# Problem details
Set down each entry exactly as given; pictures should not appear in the copy.
--- Recorded data ---
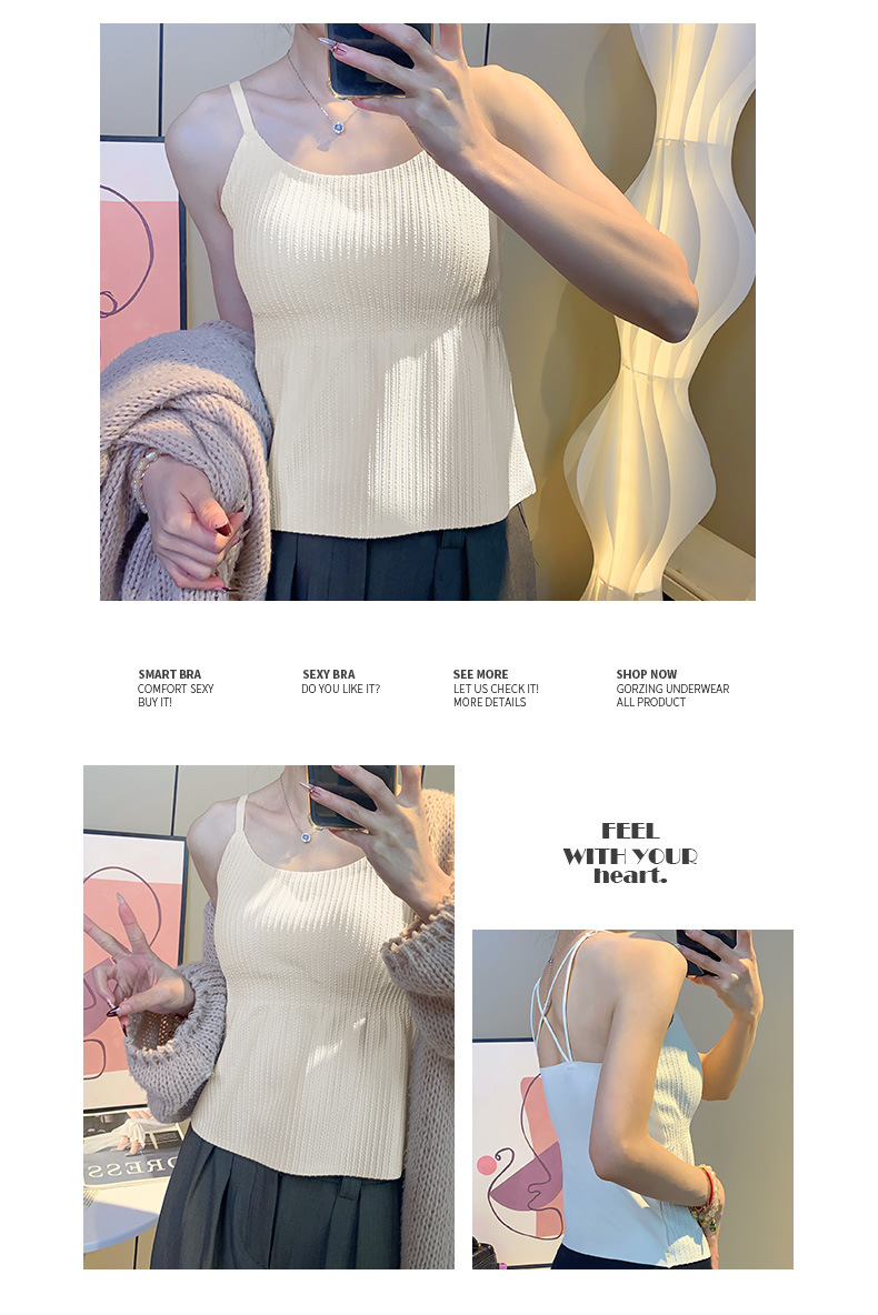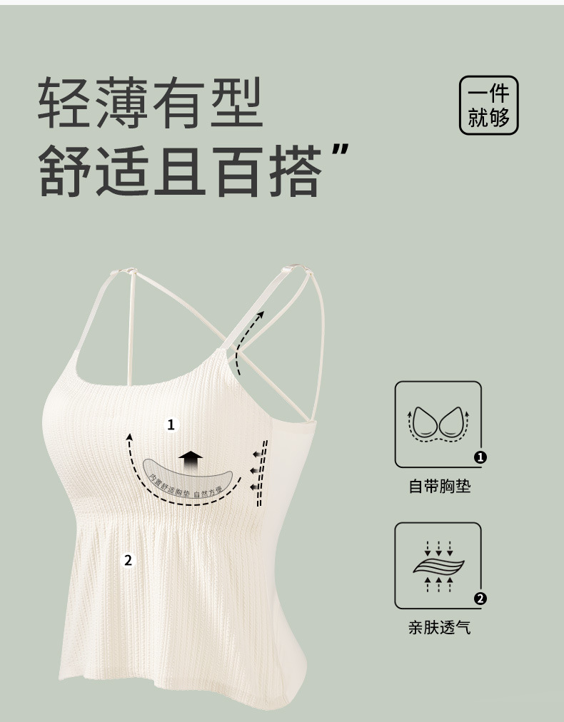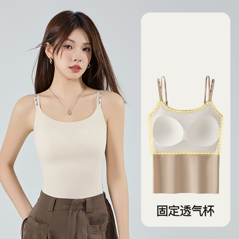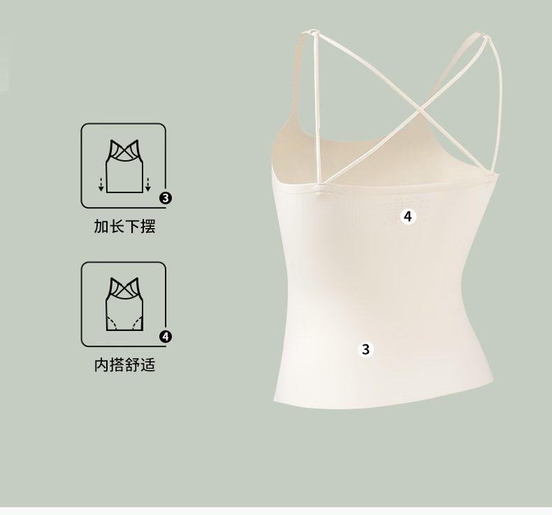 カイジナプリーツ多用途デザイン美背中キャミソール薄手通気性インナーセクシーシームレス一体型
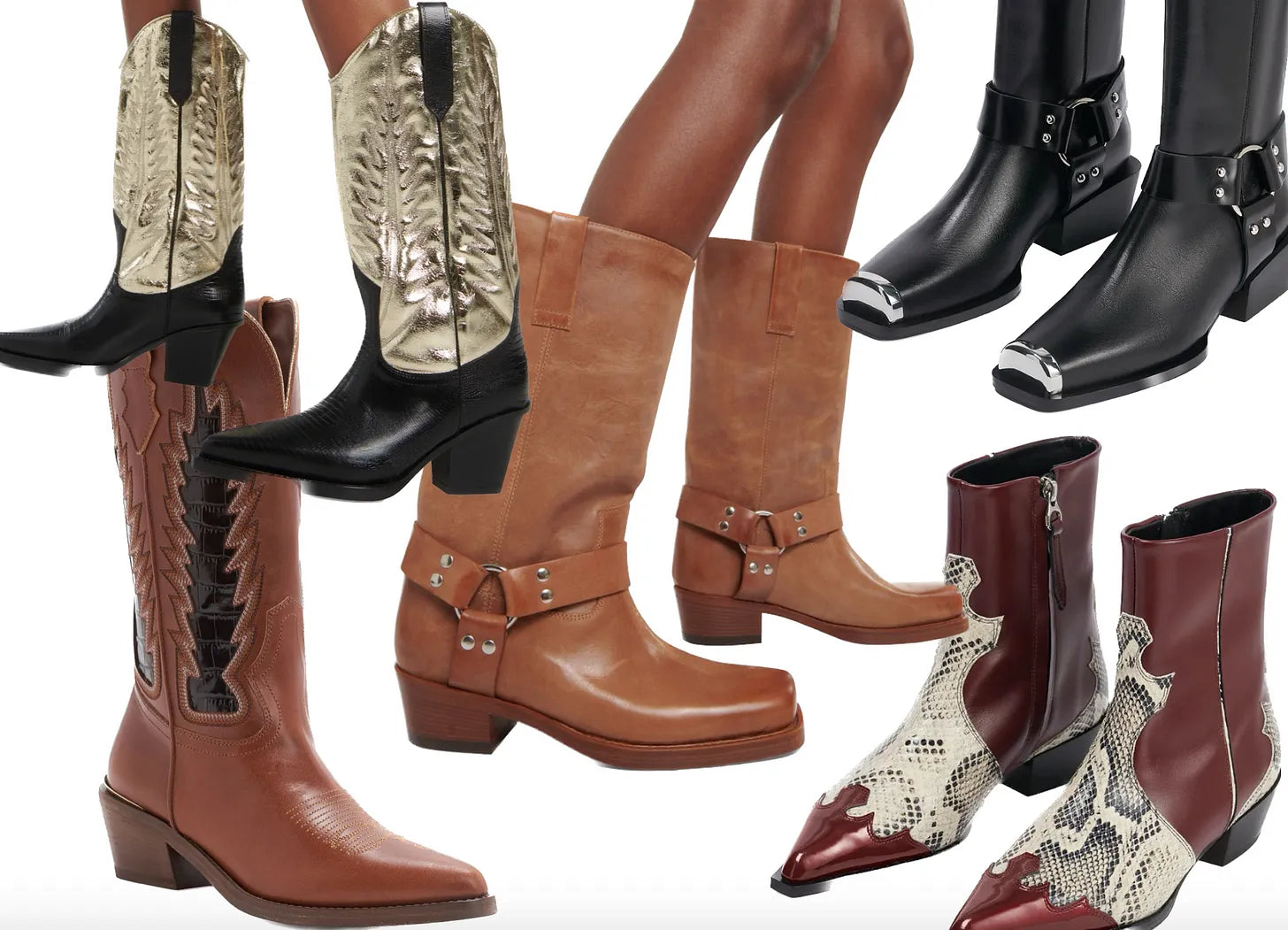 The next style on my mind is the cowboy boot. Well, a cross between the cowboy boot — which you can find on the commerce pages of Prada, Gucci and Dior rn, and the motorcycle boot (derivative of Miu Miu mania to be sure).
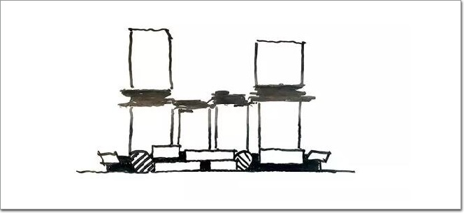 其中兩座為高層甲級辦公樓,占據了地塊的東南角和東北角,并擁有更好的地塊價值和景觀視野。商業零售裙樓橫臥在主路旁,并另有一片中央廣場和一座室外圓形劇場。
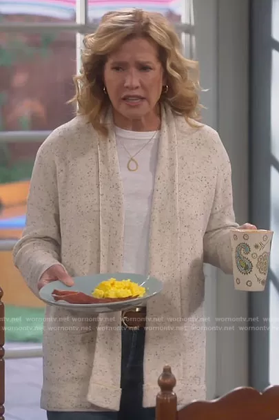 Vanessa Baxter (played by Nancy Travis) on Last Man Standing on Fox was spotted wearing this beige speckled cardigan on Last Man Standing on episode 'Murder, She Wanted' (9x19) in May 2021. Vanessa's Sweater is the Flecked Long Cardigan by Eileen Fisher.
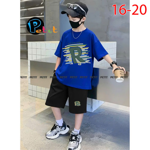 A484240 - Bộ tay ngắn bé trai, form to cực ngầu thun cotton 4c in chữ R_Size 16-20
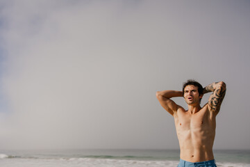 A young man in high spirits recuperating at home with a warm beverage. Concept Wellness, Relaxation, Recovery, Comfort, Lifestyle
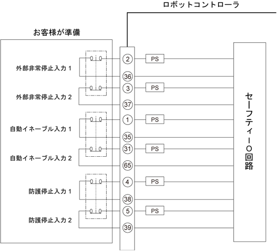 - 2つの自動イネーブル入力と2つの防護停止入力は別々の接続で制御して下さい。1つの接点での「2回路並列接続」または「1回路常時短絡」は、外部回路異常と判断し動作できません。
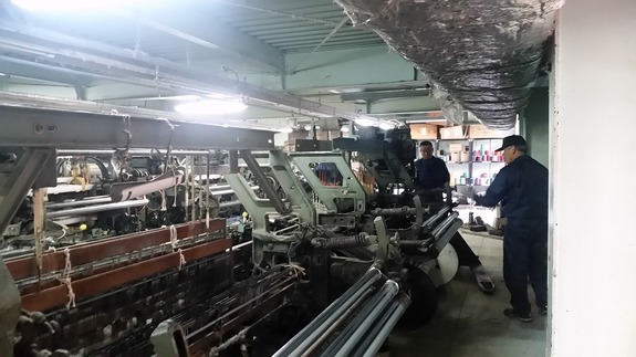 今回の織機移設のために林与の工場の南側半分に近いスペースを確保いたしました。上の写真は、左側の奥に最初の一台目の織機を運び入れ終わった様子ですが、このスペースを作るために置いてある糸や道具を動かしたり、織機3台とコーン巻き1台を部品取り用にばらしたり3日間ほどの徹夜に近い作業が続きました。同級生の友人も駆けつけてくれて夜中織機を動かすの手伝ってくれました。
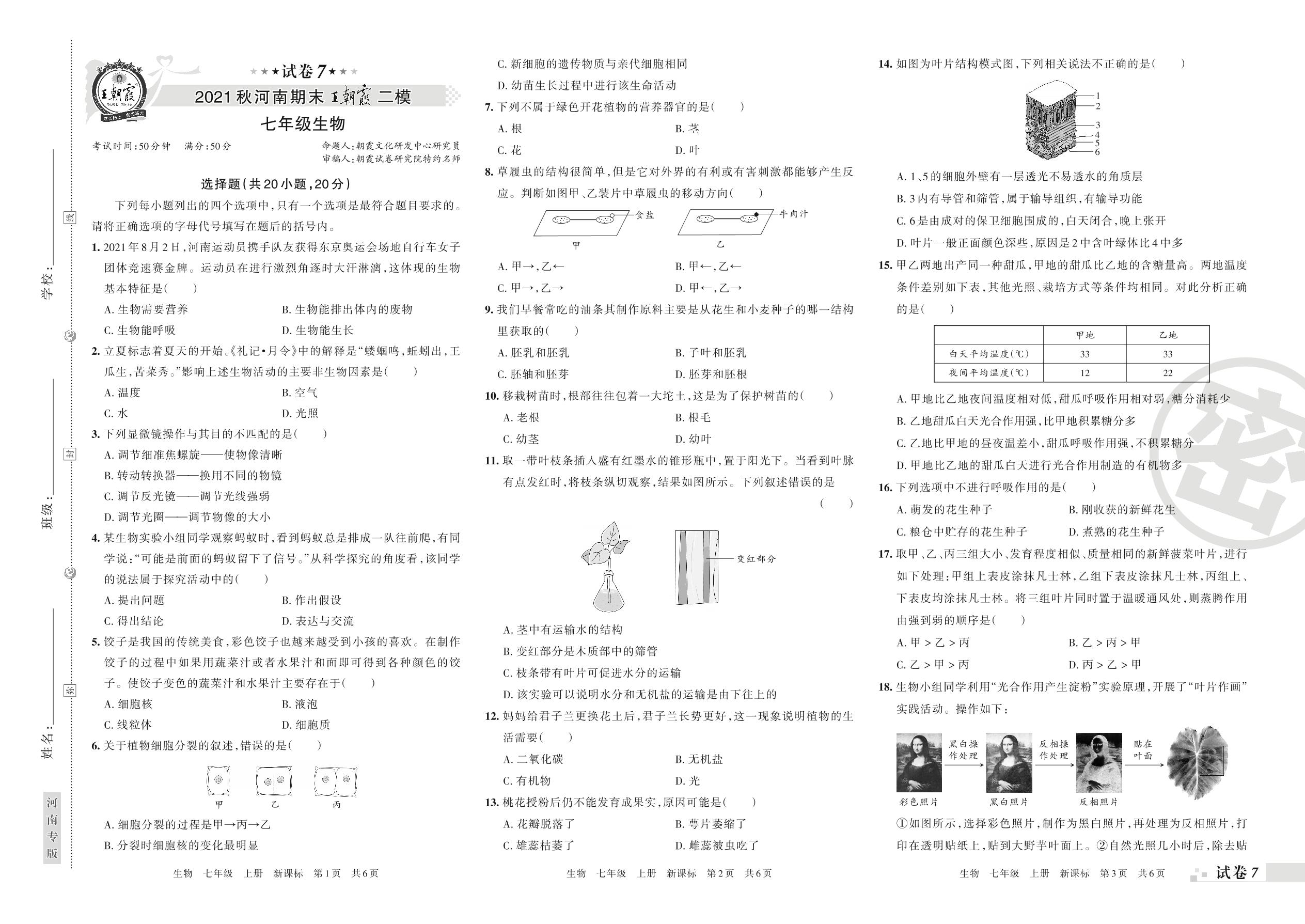 王朝霞期末模拟卷七年级上册生物(新课标版)【7】
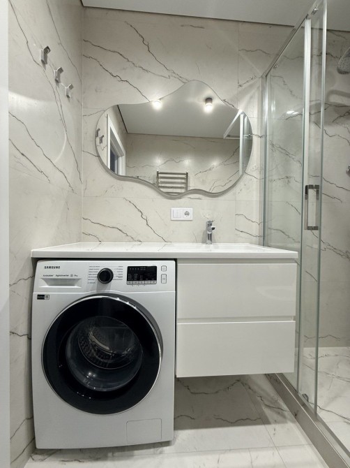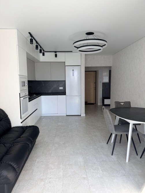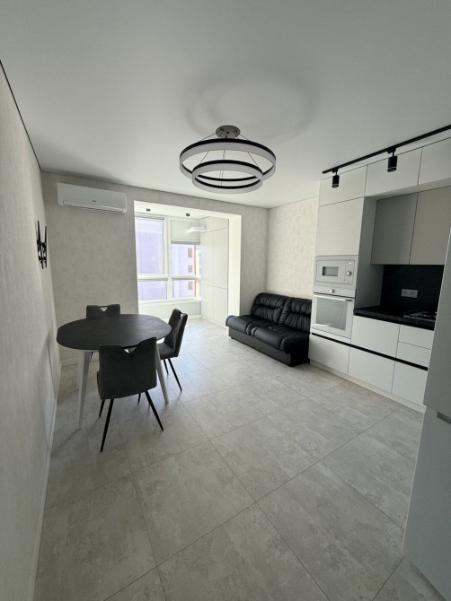 Доступна для оренди квартира в сучасному житловому комплексі в центрі міста. Облаштована всіма необхідними меблями та технікою, включно з кондиціонером та сушильною машинкою.
---
# Answer to the exercise
 カイジナプリーツ多用途デザイン美背中キャミソール薄手通気性インナーセクシーシームレス一体型
 The next style on my mind is the cowboy boot. Well, a cross between the cowboy boot — which you can find on the commerce pages of Prada, Gucci and Dior rn, and the motorcycle boot (derivative of Miu Miu mania to be sure).
 其中兩座為高層甲級辦公樓,占據了地塊的東南角和東北角,并擁有更好的地塊價值和景觀視野。商業零售裙樓橫臥在主路旁,并另有一片中央廣場和一座室外圓形劇場。
 Vanessa Baxter (played by Nancy Travis) on Last Man Standing on Fox was spotted wearing this beige speckled cardigan on Last Man Standing on episode 'Murder, She Wanted' (9x19) in May 2021. Vanessa's Sweater is the Flecked Long Cardigan by Eileen Fisher.
 A484240 - Bộ tay ngắn bé trai, form to cực ngầu thun cotton 4c in chữ R_Size 16-20
 A young man in high spirits recuperating at home with a warm beverage. Concept Wellness, Relaxation, Recovery, Comfort, Lifestyle
 - 2つの自動イネーブル入力と2つの防護停止入力は別々の接続で制御して下さい。1つの接点での「2回路並列接続」または「1回路常時短絡」は、外部回路異常と判断し動作できません。
 今回の織機移設のために林与の工場の南側半分に近いスペースを確保いたしました。上の写真は、左側の奥に最初の一台目の織機を運び入れ終わった様子ですが、このスペースを作るために置いてある糸や道具を動かしたり、織機3台とコーン巻き1台を部品取り用にばらしたり3日間ほどの徹夜に近い作業が続きました。同級生の友人も駆けつけてくれて夜中織機を動かすの手伝ってくれました。
 王朝霞期末模拟卷七年级上册生物(新课标版)【7】
 Доступна для оренди квартира в сучасному житловому комплексі в центрі міста. Облаштована всіма необхідними меблями та технікою, включно з кондиціонером та сушильною машинкою.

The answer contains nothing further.